Master of the Book
"Of making many books there is no end." In the hands of the master bibliographer Moritz Steinschneider, a phenomenon that induced despair in the author of Ecclesiastes was converted into great science and even greater art.
Steinschneider (1816–1907) lived through the 19th century and into the early decades of the 20th. One of the founders of the academic study of Judaism before there were typewriters, let alone departments of Jewish studies, he took upon himself the gargantuan task of cataloguing the vast numbers of Hebrew and Judaic treasures, in print and manuscript, scattered throughout state, municipal, and university libraries of Europe.
His output was as staggering as it was painstakingly meticulous: fourteen hundred publications, including numerous thick volumes, not counting reviews and a voluminous (and often acerbic) correspondence.
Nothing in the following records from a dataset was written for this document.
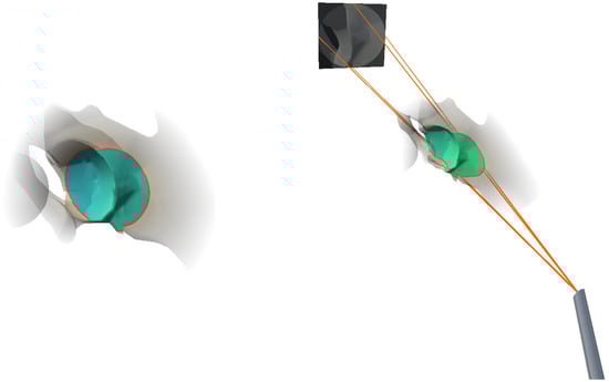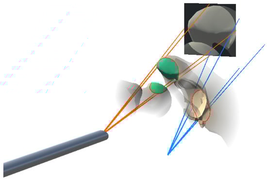 and are the RGB color values associated with the camera center and the far clipping plane, and were set to (0.05, 0.9, 0.05) and (0.05, 0.05, 0.9), respectively. We chose the RGB color values of and to interpolate the color of the bone vertices in the frustum between a blue color tone at the far clipping plane and a green color tone at the near clipping plane. The final visualization of the anatomical area and the integration of the endoscope frustum is illustrated in Figure 3. All visualizations were implemented in a fragment shader program on the GPU.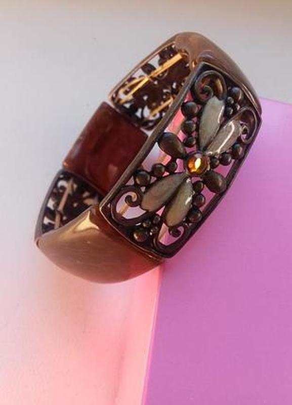 Женский браслет выполнен в необычном дизайне, который оценят смелые девушки. Главный акцент сфокусирован на декоре в виде резных витражей со стрекозами. Их крылья покрыты перламутровой эмалью, а по центру красивый матовый кристалл. Часть браслета сделана из цельных элементов. удачно сочетающихся с витражами. Украшение подходит для завершения оригинального женского образа. Браслет станет хорошим подарком к особому случаю. Элементы браслета собраны на прочных эластичных резинках.. Ширина браслета 2 см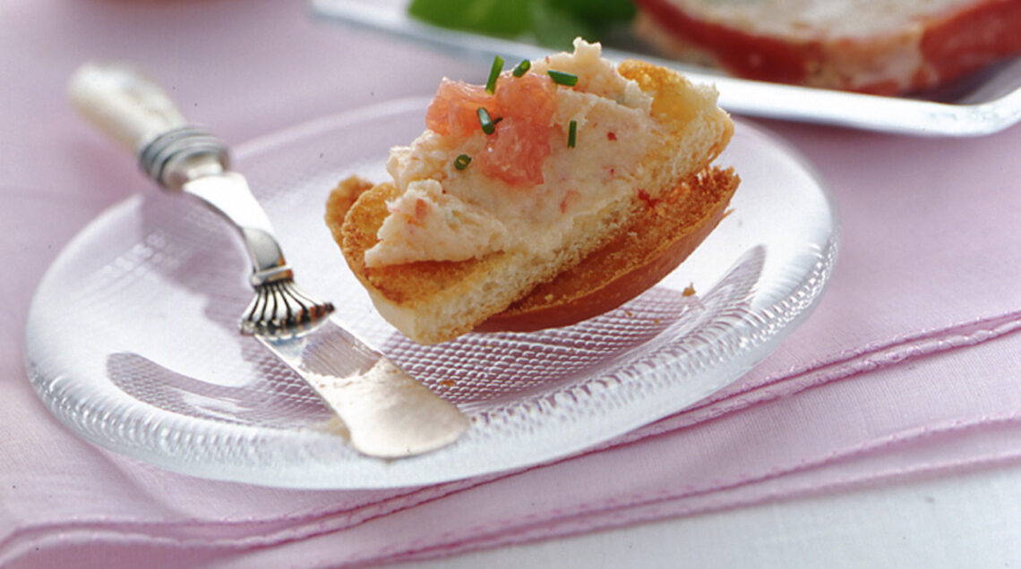 2) Una volta cotti, scolali, lasciali raffreddare ed elimina il carapace, poi priva il peperoncino dei semi e tritalo finemente. Ora prepara la crema di gamberi, quindi lavora il burro fino a ottenere una cremina, poi frulla le code di gambero con il succo di un pompelmo rosa e unisci la purea ottenuta al burro.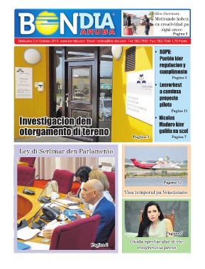 Diahuebs 3 di October 2019 www.bondia.com Email: noticia@bondia.com Tel: 582-7800 Fax: 582-7044 1,75 Florin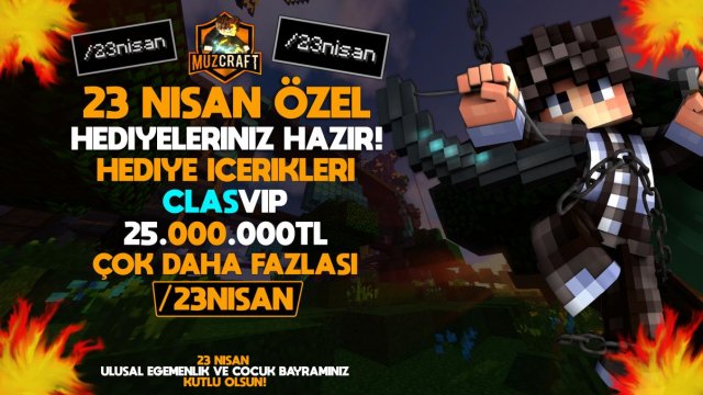 Sizlere 23 Nisan için hazırladığımız harika hediyeleri Minecraft sunucumuz MuzCraft içerisinden içerisinden /23nisan yazarak edinebilirsiniz.23 Nisan Ulusal Eğemenlik ve Çocuk Bayramınız Kutlu Olsun!Türk Minecraft Ser...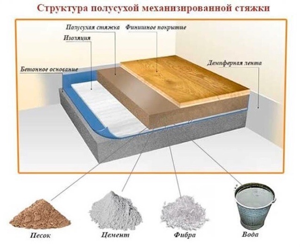 От традиционной стяжки полусухая отличается использованием гораздо меньшего количества воды.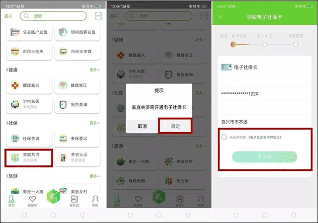 在首页的社保模块里找到“家庭共济”图标并点击,接着按照提示确认开通电子社保卡,再依据后续步骤完成操作,就能成功领取您个人的电子社保卡了。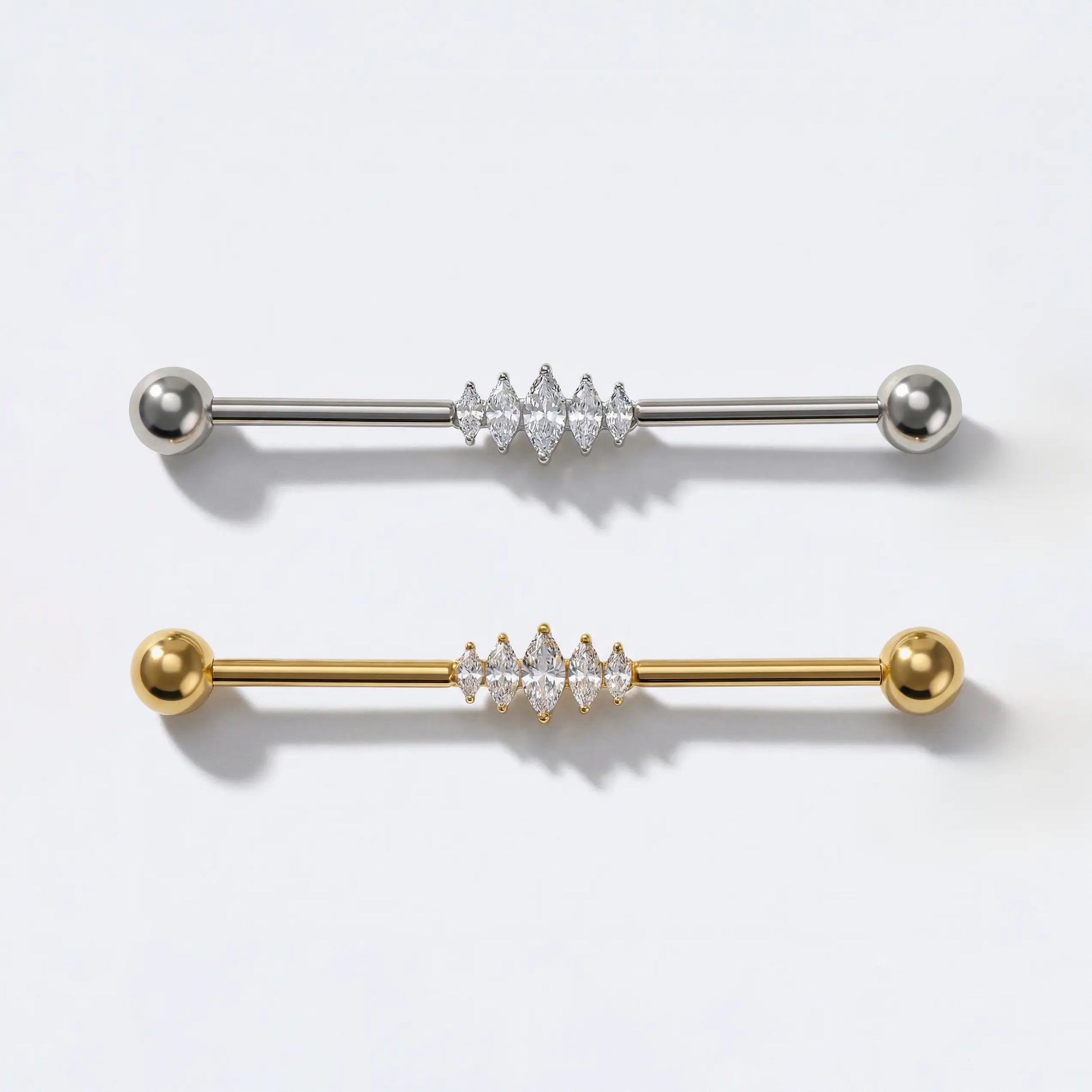 Designed with medical-grade stainless steel 316L for the secure and bar, a solid sterling silver S925 base, and adorned with premium moissanite crystals for exceptional brilliance.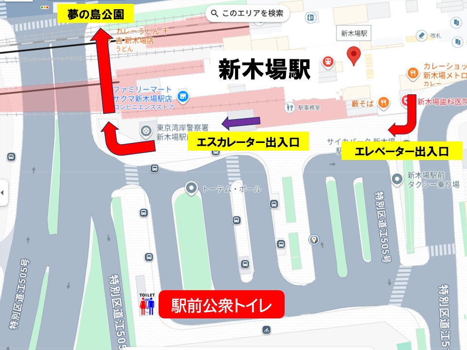 ➡トイレは改札内と駅前公衆トイレがあります。(下図参照)

His bibliographies brought to light hitherto inaccessible genres and epochs, with countless works of mysticism, philosophy, poetry, history, and science taking their place on the bookshelf alongside the ever-dominant Talmud. Together with other Jewish scholars of the time, he also played a foundational role in the modern study of Islam.
Memory has not been kind to Steinschneider, partly on account of the charge that he was less interested in living Judaism than, as he is once said to have quipped, in "giving the remains a decent burial." It is true that he was no nationalist. But the vigor, passion and scholarly aspiration that drove his work was anything but funereal. As a burst of papers and conferences on the centenary of his death resoundingly confirms, his own living legacy continues to inspire today.